Une version populaire a été partagée par le promoteur de santé alternative David « Avocado » Wolfe le 21 décembre 2015 (ce qui fait que la fonction « On This Day » de Facebook a aidé à ramener l’histoire en décembre 2016). Dans son article, Wolfe soutenait :
Il s’avère que les noix de cajou contiennent de la niacine et du tryptophane, et, selon certains, deux poignées de noix de cajou contiennent une « quantité thérapeutique » de tryptophane, suffisante pour modifier et élever votre humeur. La vraie mesure, apparemment, est de trois onces et demie de noix de cajou, soit environ une demi-tasse, qui fournit environ 470 mg de tryptophane. (HER)
C’est une excellente nouvelle pour les personnes qui souhaitent une réponse plus naturelle à leur dépression ou pour celles qui réagissent terriblement au Prozac. De plus, les noix de cajou sont délicieuses et peuvent être trouvées sous forme de lait ou de beurre. Il est également possible de prendre des noix de cajou et de les transformer en quelque chose que l’on peut manger tous les jours pour tenir la dépression à distance.

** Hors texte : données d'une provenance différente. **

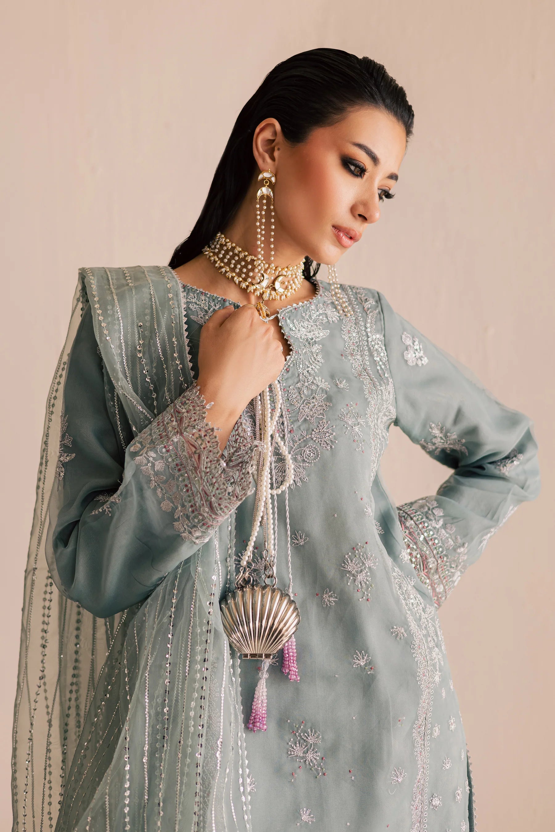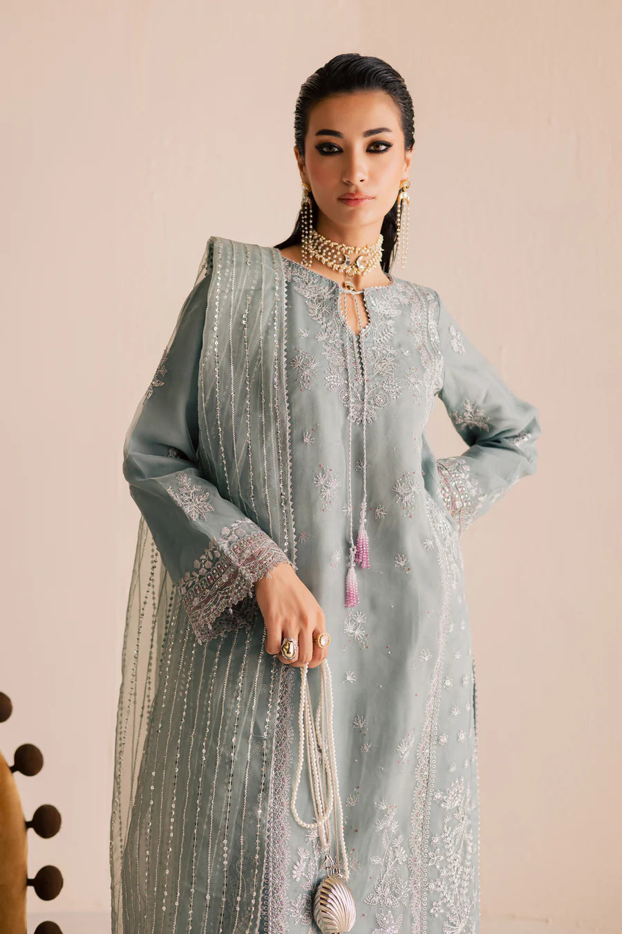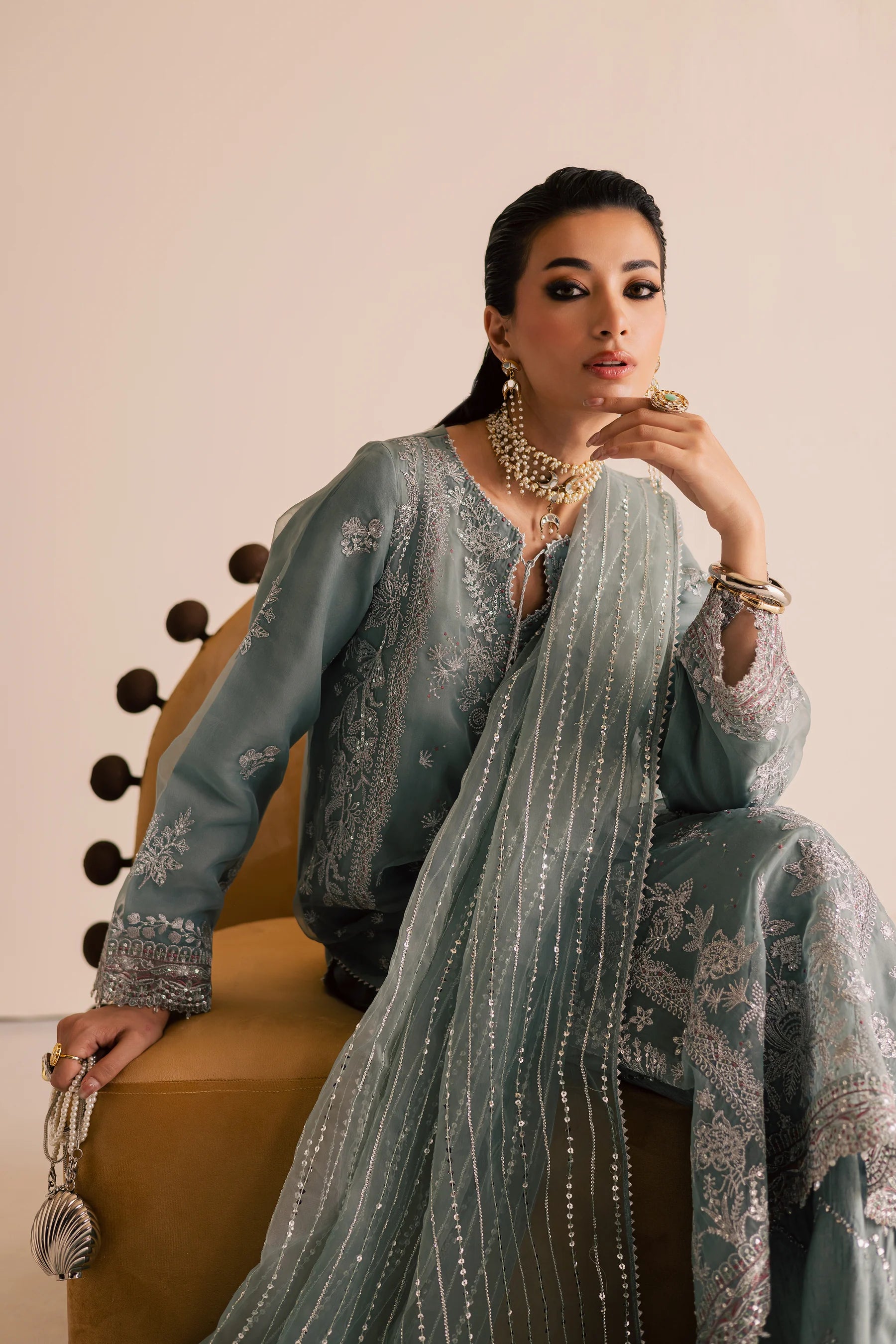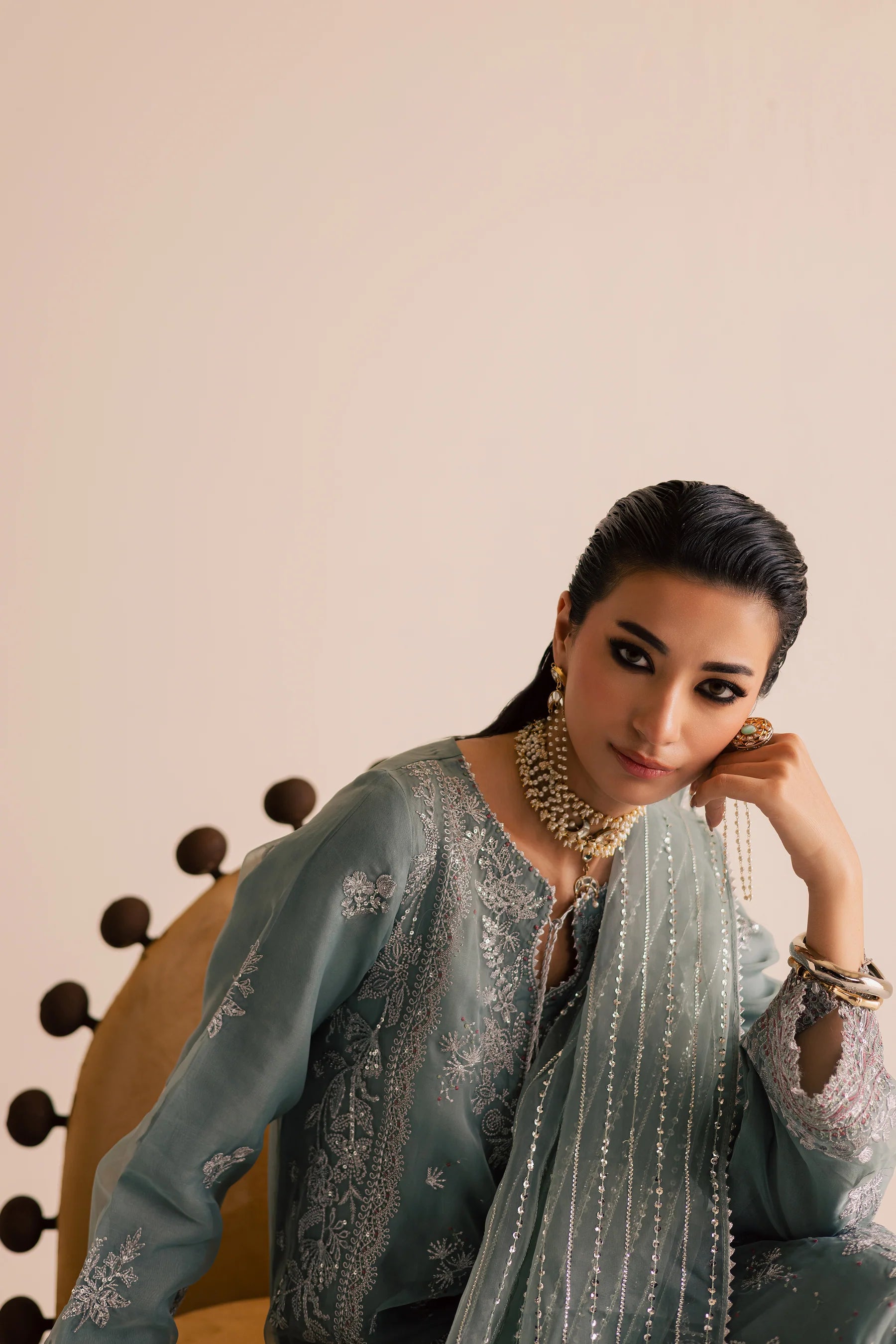 This embroidered ash blue organza paneled shirt is a stunning piece, adorned with crystal tassels and crystal detailing that add a touch of glamour. Intricate embroidery cascades down the hem, complemented by embroidered borders on the hem and sleeves, with crystal detailing enhancing the delicate finish.

L’affirmation semble provenir d’un article du Men’s Journal de mai 2014 (« The Case for Cashews »), qui affirmait :
Deux poignées de noix de cajou chaque jour peuvent tenir la dépression à distance. Un nombre croissant de recherches a révélé qu’au lieu de prendre un médicament sur ordonnance, certaines personnes peuvent se tourner vers des aliments riches en tryptophanes, comme les noix de cajou. Les épisodes dépressifs sont souvent déclenchés par une baisse de la sérotonine dans l’organisme et les tryptophanes peuvent la relancer, mais les gens ont tendance à se tourner vers l’alimentation en dernier recours. Les noix de cajou sont une source naturelle de tryptophane. « Plusieurs poignées de noix de cajou fournissent 1 000 à 2 000 milligrammes de tryptophane, ce qui fonctionnera aussi bien que les antidépresseurs sur ordonnance », explique le Dr Andrew Saul, nutritionniste thérapeutique et rédacteur en chef de Orthomolecular Medicine News Service.

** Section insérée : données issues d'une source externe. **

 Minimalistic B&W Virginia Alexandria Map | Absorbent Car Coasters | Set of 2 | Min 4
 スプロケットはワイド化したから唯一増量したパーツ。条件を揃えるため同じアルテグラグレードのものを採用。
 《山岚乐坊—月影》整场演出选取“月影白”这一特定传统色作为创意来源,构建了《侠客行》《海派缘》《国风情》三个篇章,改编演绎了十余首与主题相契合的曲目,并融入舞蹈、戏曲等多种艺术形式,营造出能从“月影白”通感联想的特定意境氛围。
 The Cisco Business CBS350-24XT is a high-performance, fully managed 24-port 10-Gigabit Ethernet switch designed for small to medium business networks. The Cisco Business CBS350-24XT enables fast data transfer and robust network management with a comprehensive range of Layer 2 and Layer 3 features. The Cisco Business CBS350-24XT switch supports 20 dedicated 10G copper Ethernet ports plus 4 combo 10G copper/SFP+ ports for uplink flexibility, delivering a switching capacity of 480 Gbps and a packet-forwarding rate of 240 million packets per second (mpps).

L’affirmation selon laquelle « deux poignées de noix de cajou » pouvaient remplacer suffisamment un antidépresseur était potentiellement dangereuse ; le rapport original ne provenait pas d’une étude clinique ou d’une recherche crédible, et le médecin cité s’identifiait non pas comme un psychiatre mais comme un nutritionniste. Les pièces faisaient référence au tryptophane en tant qu’antidépresseur clé dans les noix de cajou, un acide aminé qui peut être acheté sous forme de capsule (mais qui n’est pas accepté comme un traitement valide de la dépression clinique).
Le tryptophane a longtemps été identifié à tort comme un substitut aux médicaments. En 2003, Psychology Today a noté que les affirmations sur l’acide aminé dans les aliments étaient déformées :
Vous avez ramassé les os de l’oiseau de Thanksgiving ; vous êtes dans un fauteuil presque en train de faire la sieste : « C’est le tryptophane ! » vous dites-vous. Mais ce n’est pas le cas : vous avez été victime d’un mythe courant concernant une molécule peu commune, le tryptophane. Considéré comme ayant des effets sur l’humeur, la mémoire et la sociabilité, le tryptophane est un acide aminé au passé mouvementé, au présent obscur et à l’avenir prometteur. Les idées fausses et la confusion abondent, surtout dans la presse populaire
Si manger de la dinde fait baisser le taux de tryptophane. C’est parce que le tryptophane utilise les mêmes moyens de transport vers le cerveau que les autres acides aminés, et doit entrer en compétition avec eux pour traverser la barrière hémato-encéphalique. Il se trouve que le tryptophane est l’acide aminé le moins abondant. Obligé de lutter contre les acides aminés plus courants, il attend à la porte : la quantité de tryptophane pénétrant dans le cerveau diminue… Pour les mêmes raisons, un verre de lait chaud au coucher n’augmentera pas le niveau de tryptophane pénétrant dans votre cerveau. Pas plus que les noix, les fraises ou le saumon, bien que de nombreuses rubriques nutritionnelles l’affirment. Si un verre de lait chaud au coucher vous aide à vous endormir, ce n’est pas en raison de sa teneur en tryptophane.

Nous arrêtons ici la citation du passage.